Managing Anxiety

Provided by Good Sam’s Ben Gaibel

This week’s blog is from eye-opening author and psychotherapist Bruce Tift on working with anxiety.  Bruce Tift’s radical approach may feel counter-intuitive and challenging, but can lead to a significant decrease in unnecessary suffering by shifting how one relates to the inevitable experience of anxiety:
The full post can be seen here:
http://www.lionsroar.com/how-to-work-with-anxiety-on-the-path-of-liberation/

already-free-full

When we investigate the experience of anxiety, the Western approach takes the experience itself as its starting point. What triggered the anxiety? How can we work with it? How can we make it go away?

We can never solve our lives. Life is not a thing that can be broken and then fixed. Life is a process, and we can never solve a process. We can only participate in this process, either consciously or unconsciously. We aren’t going to find the perfect formula and then coast our way through life. We can’t make pain go away, although we can reduce unnecessary suffering significantly. The more deeply we investigate, the less we can grasp or even know this apparent self that Western psychology takes as its foundation. From the Buddhist perspective, the nature of life—and of our own mind—is basically open. There is no foundation; no ground to stand on. We can consciously participate in this open nature, but we can’t know it.

From this point of view, we can see that anxiety is actually a necessary part of our path.

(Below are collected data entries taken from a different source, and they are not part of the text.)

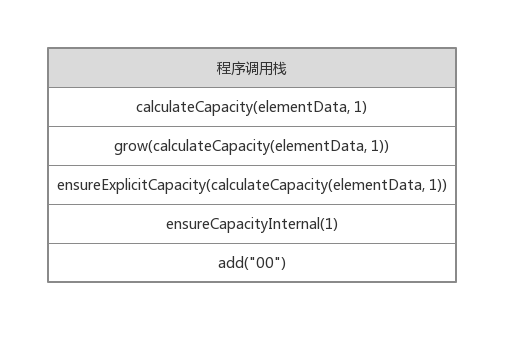 当i = 0时,此时是第一次向list中添加元素,elementData容量不足,需要加大elementData的容量。初始的list是一个空的Object[],依次调用add(), ensureCapacityInternal(), ensureExplicitCapacity(), grow(), calculateCapacity()方法。
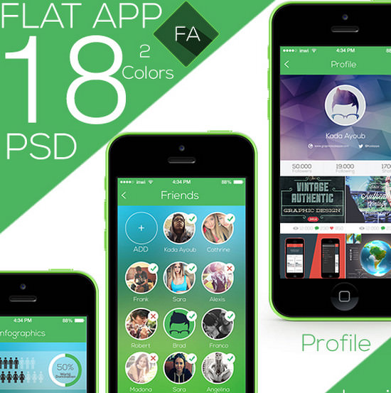 UI исходники дизайна для мобильного приложения в Flat стиле
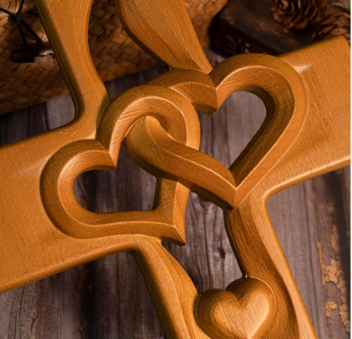 Handmade Wooden Dining Table with Carved Hearts Design - Rustic Home Furniture

As we move in the direction of waking up, increasing our tolerance of more and more awareness or open mind, we will inevitably experience anxiety. At some point or another, anybody committed to a spiritual path may find it important to commit to the experience of anxiety as an approximation of an open state of mind.

When I say “committing to our anxiety,” I mean doing the difficult work—difficult because it goes against both our biology and our cultural conditioning—of training ourselves not to try to escape our anxious feelings. It even means to learn to appreciate them, explore them, feel them, and see for ourselves whether they are as much of a problem as we think they will be. If anxiety is not a problem and if we understand that it’s actually an essential part of our path of waking up, then we might want to practice this attitude of commitment. “I am ready to feel anxious at any second,” we might say to ourselves, “and to work with the energy of anxiety for the rest of my life. I give up my fantasy of a life free of anxiety.”

If anxiety is our egoic response to the truth of not knowing—or of openness, as I like to think of it—then we really might want to consider committing to the experience of anxiety, because it’s not going anywhere.

Giving yourself permission to feel your anxiety

If you would like to try this practice, decide which feeling you’re going to work with. Ideally you will choose an underlying issue that you really don’t like to feel—something like abandonment, shame, low self-worth, dependency, guilt, or anxiety.

Once you’ve decided on your issue, take a moment to settle in. If you’re sitting down, feel the weight of your body in the chair. Then begin to pay attention to your breath, feeling both the inhale and the exhale. Once you’re present, start dialoguing with yourself.

Say out loud, “I give myself permission to feel [this feeling that you really don’t like to feel] off and on for the rest of my life.” Accept this feeling as if it were already a legitimate part of who you are. As you invite this feeling, try to bring your attention out of any interpretation into whatever raw sensation is happening. For example, many people find that the torso is the location where they feel emotional intensity. Check it out and see if there’s any agitation there. Perhaps you feel numb from the neck down; perhaps there is some sense of tingling in your hands, or aching or fullness or lightness somewhere in your body. Perhaps the experience permeates your whole body. Or maybe you don’t have any awareness of sensations except behind your eyes. It doesn’t really matter what you discover. The point is to be willing to direct your attention toward your experience at the level of sensation.

Next, ask yourself whether this sensation you’re feeling is actually a threat in any way. Are you going to die from feeling a ball of pressure in your stomach or a hollowed-out chest or a heavy heart? Is the burning sensation in your solar plexus actually dangerous? Will the tension in your belly or your throat actually constrict you enough to kill you?

If you find that experiencing these sensations is not harmful, even if they are disturbing, then experiment with a commitment to having a relationship with these sensations, perhaps for the rest of your life. What feelings arise when you think of this? What sensations?

The point of this exercise is to see for yourself whether it is, in fact, a problem to feel the sensations you’ve organized your life around not feeling.